Berangkat dari titik pijak bahwa kebudayaan 1) bersifat dinamis sesuai desa, kaa, dan patra-nya, (2)
tidak lagi berdimensi lokal tetapi juga menasional dan mengglobal, dan (3) secara tulus dimaksudkan
untuk tujuan emansipasi manusia Bali dengan jagadhita ya ca iti dharma (kesejahteraan lahir dan
batin) sebagaimana dikonsepkan di atas, harus siasat untuk ''melestarikan'' kebudayaan.
Satu lontaran disampaikan oleh prof. Ngurah Bagus lewat pemikiran transformasi spiralnya.
Transformasi spiral adalah upaya terus-menerus mengembangkan segala sesuatunya, di mana inti
kebudayaan yang menjadi identitas dapat terjaga dan manusianya mampu memaknai proses-proses
kebudayaannya dan mentransformasikan ke dalam nilai-nilai. Sehingga dari sana, diharapkan muncul
keterikatan, keseimbangan, dan kebanggaan. Mirip dengan cara kerja transformasi spiral adalah konsep
''trikon'' yang dikemukakan oleh Ki Hajar Dewantara. Dengan trikon, kebudayaan merupakan lanjutan
langsung dari kebudayaan sendiri (kontinuitet) menuju arah kesatuan kebudayaan dunia (konvergent)

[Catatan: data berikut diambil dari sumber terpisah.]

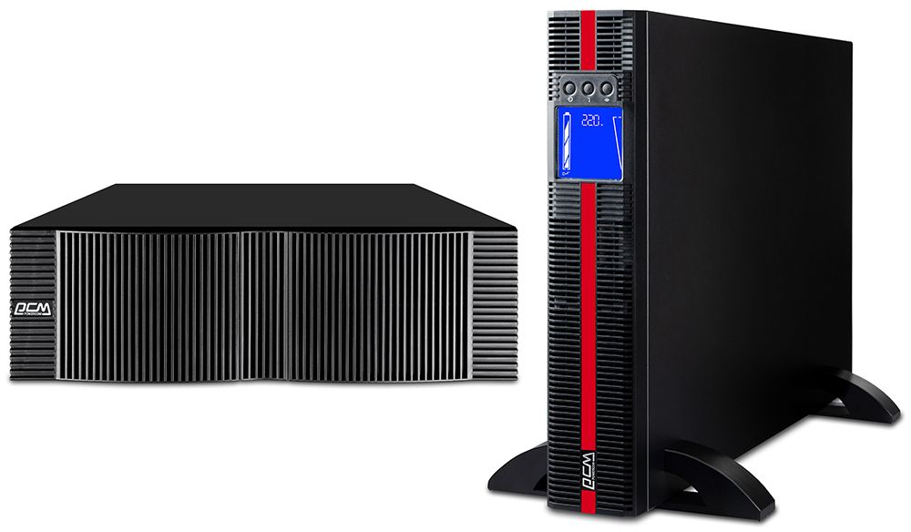 Тоді зверніть увагу на багатофункціональний ДБЖ з подвійним перетворенням напруги (on-line) і правильною синусоїдою серії MACAN COMFORT з поворотним ЖК-дисплеєм від POWERCOM, модель MRT-10000 (Power Modul+Bat Modul).
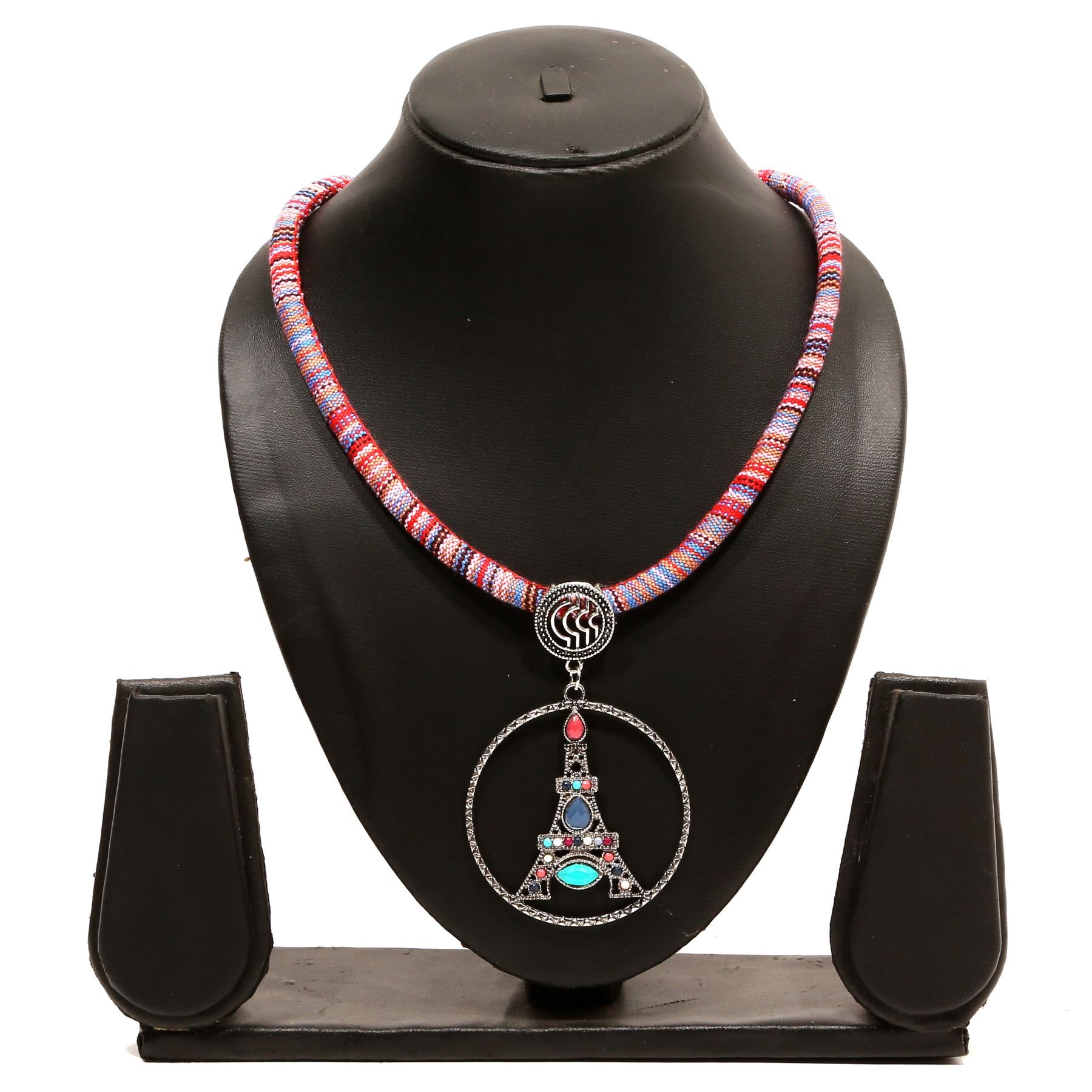 Multi Colored Gemstone Silver Plated Eiffel Tower Design Necklace Jewelry 18" Inches With Adjustable Links , Jewelry Type : Necklace , Gemstone : Multi Colored , Necklace Length : 18 Inches (With adjustable Links) , Necklace Weight : 19.10 Grams.
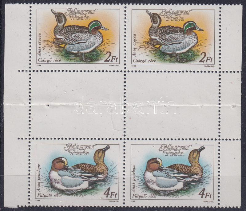 1988 Récék 2Ft és 4Ft ívközéprészes négyestömb (középen hajtott) / Mi 3972 + 3974 gutter block of 4 (folded in the middle)
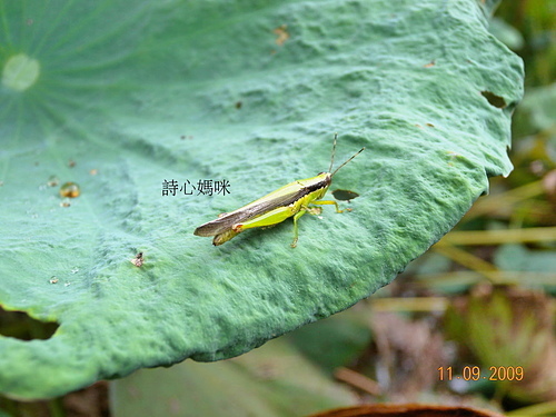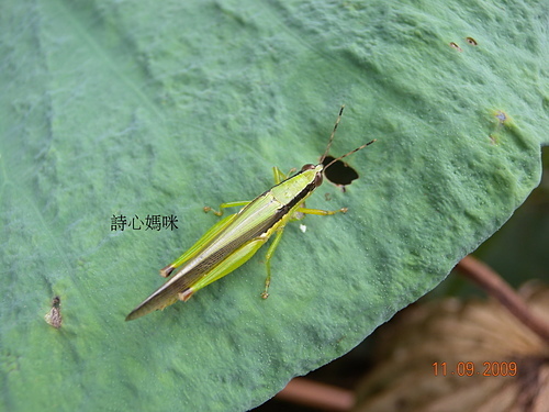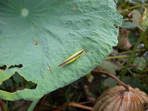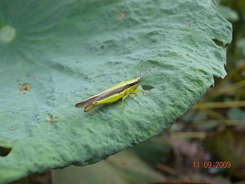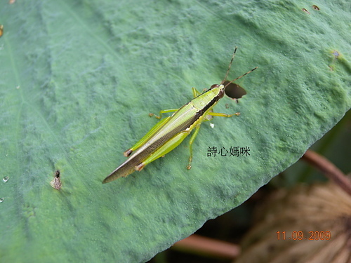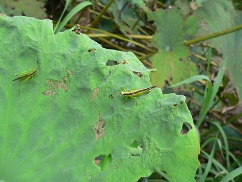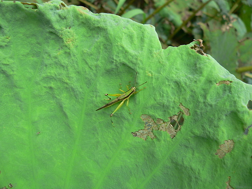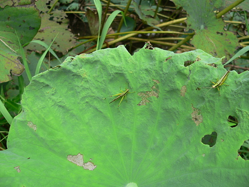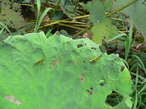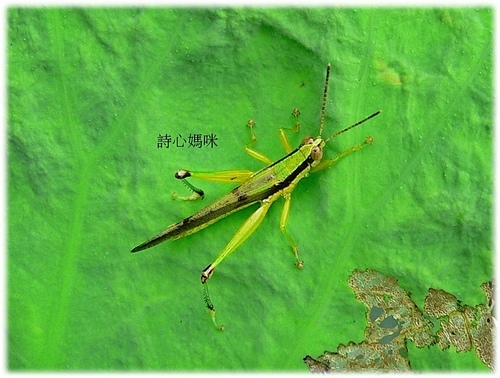 本種分布於平地至低海拔山區,常見於水芋葉面啃食,寄主較專一,近似種台灣稻蝗體型較寬大,前翅只達腹端,本種翅長超過腹部,末端尖狹,數量較少見。
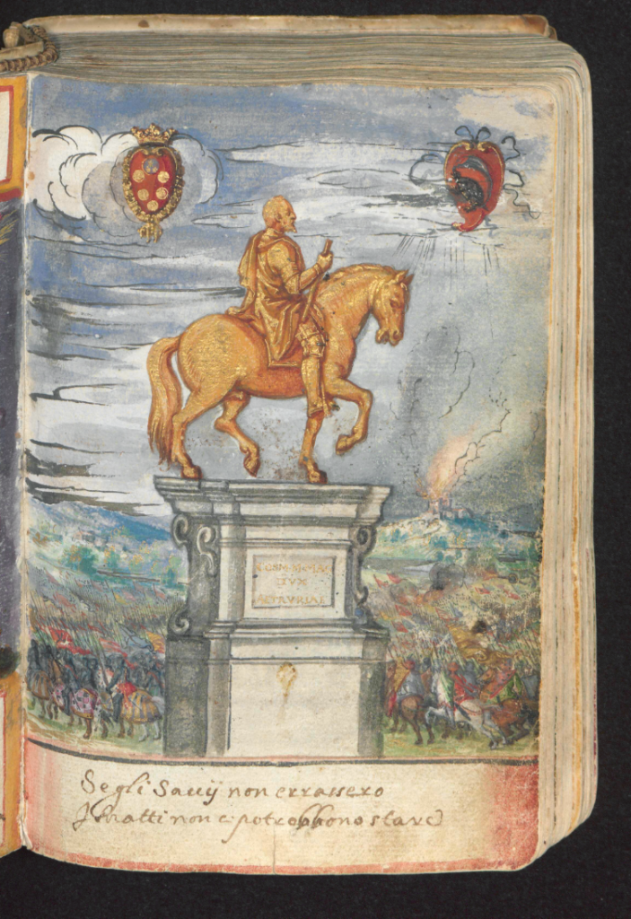 An equestrian statue of Cosimo was erected in the Piazza della Signoria in Florence in 1594 and subsequently painted in the album of Mattheus Miller:
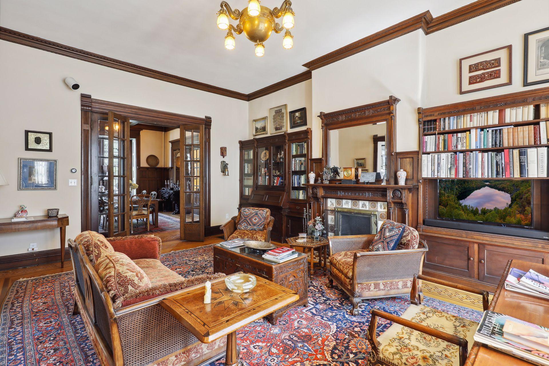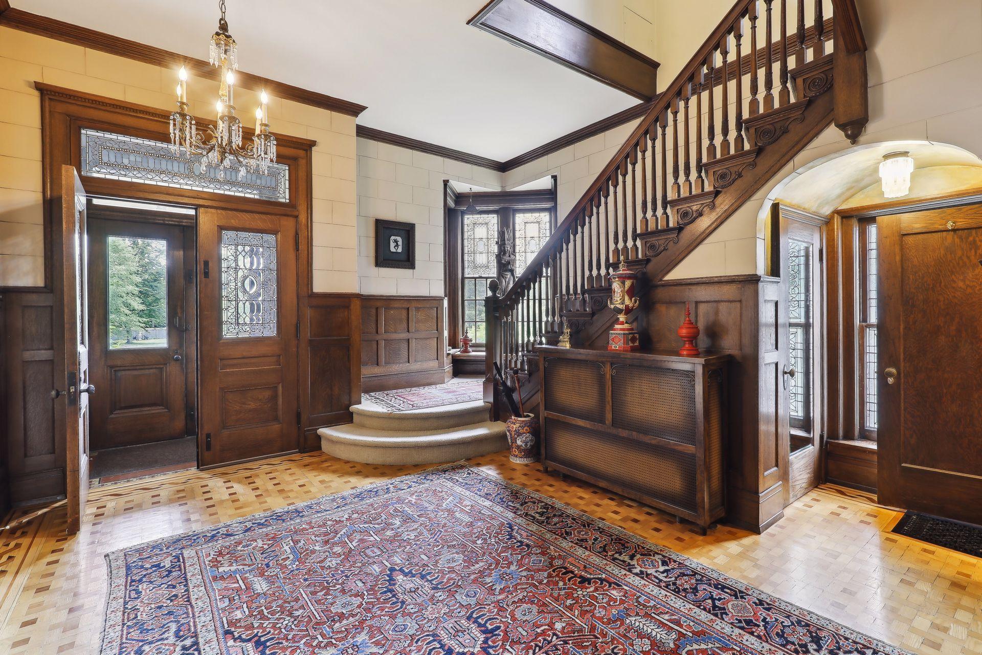 Spectacular 1881 Queen Anne Victorian home, known as the Thurston House! Incredible use of space, grand design and distinctive architectural details combine to create a sophisticated, yet comfortable environment in this historic home! Gorgeous wood floors with inlaid detail, tall ceilings plus expansive leaded and stained glass windows are just a few of the stylish touches found here. The spectacular foyer offers a fireplace, and leads to the formal living room. The elegant dining room offers a coffered ceiling and fireplace. Handsome main floor family room, plus a library with rich woodwork and a fireplace. Dream eat-in kitchen with beautiful cabinetry, stainless steel appliances. The second level boasts a private owner's suite with a lavish full bath with whirlpool tub. Three additional bedrooms and 3 baths are also found here. The third level has a studio/loft, 2 bedrooms, and a billiard room. Wine cellar, patios, gardens, 2car. Carriage house over the garage has a 2 bedroom unit.

dengan tetap memiliki sifat kepribadian dalam lingkungan kemanusiaan sedunia (konsentrisitet).
Transformasi spiral dan trikon memiliki keunggulan karena sangat berpeluang mensinergikan
keberagaman lokal-nasional-global, masyarakat sipil-negara-pasar, dan kebudayaan-politik-ekonomi, di
mana kebudayan Bali ada di tengah-tengahnya. Model pelestarian kebudayaan seperti itu tentu masih
agak abstrak. Diperlukan berbagai cara yang lebih teknis dan operasional agar pelaksanaannya dapat
lebih baik. Bahkan, tawaran pengidentifikasian cultural development index dalam kehidupan manusia
Bali perlu ditindaklanjuti untuk mengejawantahkan bahwa, di Bali, ''pembangunan berwawasan budaya''
memang benar ''pembangunan berwawasan manusia''.